Posted: Thu Jun 28, 2007 2:12 am
by JQ Public
Well from the looks of it people don't make regular doctors anymore so instead of getting her gall stones treated...she left them untreated. As a result they go to the hospital throwing up and pooping blood with due to a perforated colon. If people weren't so scared to make regular appointments with the doctor instead of just going to the ER or urgent care all the time she could have saved her own life. But the way she died should not have happened. Looked like a place that was understaffed. One report said a janitor was mopping up bloody vomit from the area but didn't do anything to help. I know its 'wrong' to blame the victim, but the blame looks like it can be spread out quite nicely.

Re:

Posted: Thu Jun 28, 2007 9:26 am
by Regit
JQ Public wrote:Well from the looks of it people don't make regular doctors anymore so instead of getting her gall stones treated...she left them untreated. As a result they go to the hospital throwing up and pooping blood with due to a perforated colon. If people weren't so scared to make regular appointments with the doctor instead of just going to the ER or urgent care all the time she could have saved her own life. But the way she died should not have happened. Looked like a place that was understaffed. One report said a janitor was mopping up bloody vomit from the area but didn't do anything to help. I know its 'wrong' to blame the victim, but the blame looks like it can be spread out quite nicely.



There are a lot of cases where the victim shares blame, but all I can see here is someone who was screwed every way she turned.

First and foremost, she had an emergency and was in a place where someone should be expected to receive emergency care. She had no way to know the level of incompentence with which that hospital was run.

Second, America is a country that loves for people to get very sick before getting care. A full 15% of Americans have no insurance. Unfortunately, the other 85% aren't whistling Dixie. A huge percentage of those have coverage that barely covers anything. When they do get sick, their crooked providers refuse to cover anything because of the small print on their policy. Then, they blame the sick customer for not reading the entire policy word-for-word before seeking medical care. Even if they had, it wouldn't have helped since the insurance companies tend to make up stuff as they go alone. A lot of insurance providers refuse to cover anything at the patients' local hospitals. The insurance industry is nothing but government-endorsed organized crime.

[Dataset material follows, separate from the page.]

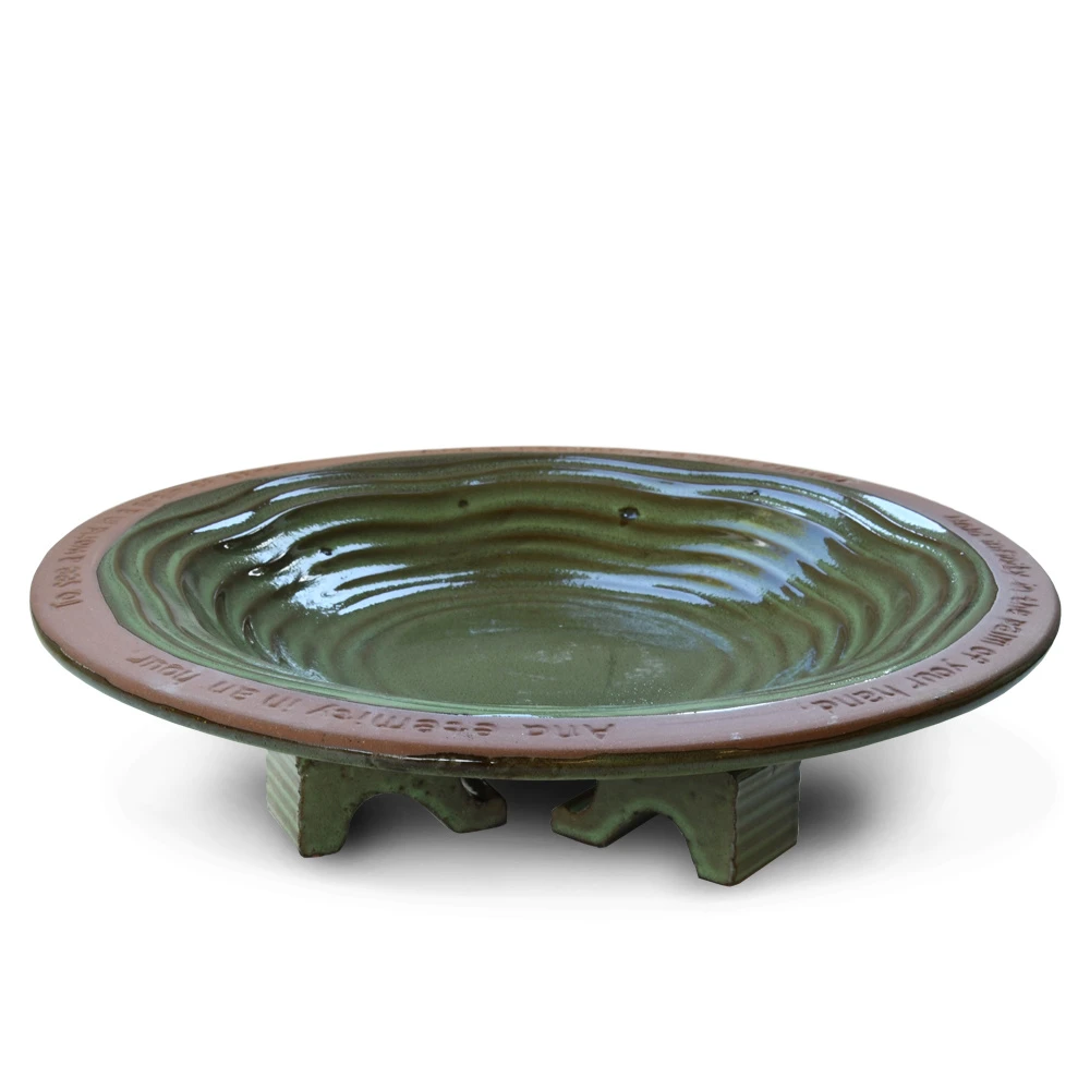 Het elegante bad Echo is een opvallende verschijning voor zowel jijzelf als voor de vogels in jouw tuin. Het vorstbestendige bad is gemaakt van terracotta en heeft een subtiele gevlekte groene kleur. Het bad wordt geleverd met drie geglazuurde pootjes zodat het bad iets boven de grond komt. Dit voorkomt vorstschade. Tot slot is er ook een standaard in onze webshop te koop waardoor je het bad 30 cm hoger kan plaatsen. Hoogte 10 cm, lengte 34 cm, breedte 34 cm.

To make matters even worse, Medicaid encourages patients to use the Emergency Room as their primary care provider. If you were already poor enough to be on medicaid and it was cheaper to go to the ER than a doctor, where would you go?

Re:

Posted: Thu Jun 28, 2007 9:55 am
by Category 5
Aslkahuna wrote:No, the new job for Emergency Room workers in States like CA and AZ is to provide free health care to illegals.

Steve



That made my morning :roflmao:

Seriously though they should take patients in the order of how serious the problem is. Then nonsense like this doesn't happen.

Posted: Thu Jun 28, 2007 12:56 pm
by HollynLA
I don't know about all areas so I'll speak about my area of southeastern Louisiana. We don't have alot of illegals but still have some. Our emergency rooms are filled with those with a hangnail or the sniffles. Why? Most of the patients are on medicaid and just assume go to the ER than to the doctor since they don't have to pay for any of it no matter what. On the other hand, those with medical insurance better make darn sure that their situation is a true emergency or else coverage will be denied for the ER trip. I don't want to stereotype, but many people I know whose children receive medicaid are at the ER quite often even for basic needs that can easily be treated at a doctor's office.